# USB slots



## raven (May 7, 2002)

I've only got two USB slots on my PC and need at least one more - can you get an adapter just like you would for a normal electricity plug, or is it different?

Thanks in advance.


----------



## KevinST (May 6, 2002)

You need a USB hub... get anything as long as it's a powered version (external power supply).


----------



## Neil (May 7, 2002)

> You need a USB hub... get anything as long as it's a powered version (external power supply).


why do you need an external power supply for it?

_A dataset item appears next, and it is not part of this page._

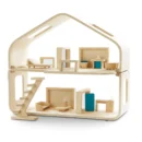 Children will develop socio-emotional skills when playing independently or with friends as they create their own imaginary worlds. The natural wood and simple design make this dollhouse the perfect open-ended playset for preschoolers and school-aged children.

i've got a 4 hub that has always worked fine without it's own power supply


----------



## nutts (May 8, 2002)

I've got 3 non powered usb hubs and with all of them my desktop can't supply enough power.... a powered hub solved the problem!

or you can put another usb card in.....


----------



## KevinST (May 6, 2002)

A powered USB port can supply a max of 500mA (IIRC). If the devices that are cascaded out of the powered port (your PC) takes more that 500mA in total then you'll have problems.
By using a powered USB hub then you don't have any power usage problems.


----------



## nutts (May 8, 2002)

Kev,

Which is correct   

oh and should one of the "powered" be "unpowered" : : : :


----------



## KevinST (May 6, 2002)

hmm - no idea what you're talking about


----------



## saint (Dec 6, 2002)

3 USB hubs......hrm..... how many peripherals using USB do you have.

Usually a powered 4 port USB hub is more than enough for normal users. That will give approx 5 USB slots on standard PCs 2 (one will be of course connected to the hub) at the back of the PC and 4 on the hub.


----------



## raven (May 7, 2002)

Thanks for the replies. I have three applications currently using USBs - my iPaq, smartcard reader and modem.

I will look into getting a USB powered hub - I presume that it's something you can pick up easily in a computer shop... :-/

Thanks again.

Ed


----------



## nutts (May 8, 2002)

When each one wouldn't work, I bought another and another and in the end asked a question on here and bought a recommended powered hub and never bought another one again ;D



> 3 USB hubs......hrm..... how many peripherals using USB do you have.
> 
> Usually a powered 4 port USB hub is more than enough for normal users. That will give approx 5 USB slots on standard PCs 2 (one will be of course connected to the hub) at the back of the PC and 4 on the hub.


----------



## vlastan (May 6, 2002)

Some computer systems come with extra usb ports at the keyboard and at the base of the screen...very handy!


----------



## jgoodman00 (May 6, 2002)

Yup, a number of the TFT screens now come complete with USB hubs. Never tried one though, but you could use it as an exuse to buy a TFT screen ...


----------



## bash-the-monkey (Jun 5, 2002)

I've 11 USB ports - 3 on motherboard, 4 on LianLi case and PCI expansion card with another 4.

The PCI one is good for stuff that you are not likely to remove often (i.e scanner, printer, DSL modem etc) as its behind the PC - but tends to cock up as they do not supply enough power for devices that do not have their own sources - like scanners. Don't cock up like I did!!

Bash
www.bashthemonkey.com


----------